I would just walk away, or run, seeking what I needed to bring reality to my living dreams.

I am not working now. I am under the power of that same force. I rush out of my apartment and down to the street. The sun bursts against my eyes. The sound of traffic from the four-lane thoroughfare outside my building assaults me. I stagger, but just for a moment. Then I lift my arm, cover my face against the sun, and begin my mad rush down the street. I ignore the noise of the road.

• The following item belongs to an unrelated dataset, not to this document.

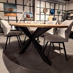 Een stoere eetkamertafel met ovale vorm, dat is eetkamertafel Wenum. De eetkamertafel is 210 cm lang bij 100 cm breed. Wenum heeft een Mangohouten blad en is naturel afgelakt. De eetkamertafel heeft een zwart metalen onderstel met een poedercoating. Liever een ander formaat? We hebben de Wenum eetkamertafel ook met een lengte van 210 cm. Kom de tafel bekijken in onze woonoutlet in lemelerveld.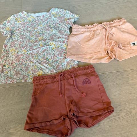 Stor klespakke med 9 tskjorter og 2 shortser i str 98/104

The neighborhood is not a good one, but the people know me. They know I have nothing worth stealing. And they know, from the crazy glint in my eye, that it would be dangerous to slow my progress. We are troubled, all of us. Yet we live more than most.

I run down the sidewalk, seeking the golden glint of my dreams.

I need it to make the poem real.

I need it to make the ball of truth wrap around the emptiness of humanity.

I need it.

And then I see it. My sight seems to focus on it, lasering in like some tactical computer in a movie. There is an old computer monitor, lying on the sidewalk, on the other side of the thoroughfare. It will have the wire I need.

I know it is all I need to make the poem real.

I rush straight towards it.

Others might say that I saw the cars too late to avoid them. But it would not be true. I saw them, but I had no choice but to go.

I needed to make the poem real.

The Cleaner

My boss hands me a clipboard. It has a list of addresses, last occupants and new addresses for those people. The list is of city apartments recently vacated by their occupants. My job is to clean them. This isn’t a dainty job; there’s a lot more hauling than scrubbing.

Most of the spaces for new addresses simply have the word “unknown” filled in. The occupants have simply disappeared. But not all have. A few have found new homes. Somebody has filled in those addresses, although I don’t know why. It’s not like we do anything with the information. “Unknown” is not the only time our trail runs cold. Some days the word “deceased” marks the end of an occupant’s residential history.

There is one such entry today. A woman named “Anna Stokes.”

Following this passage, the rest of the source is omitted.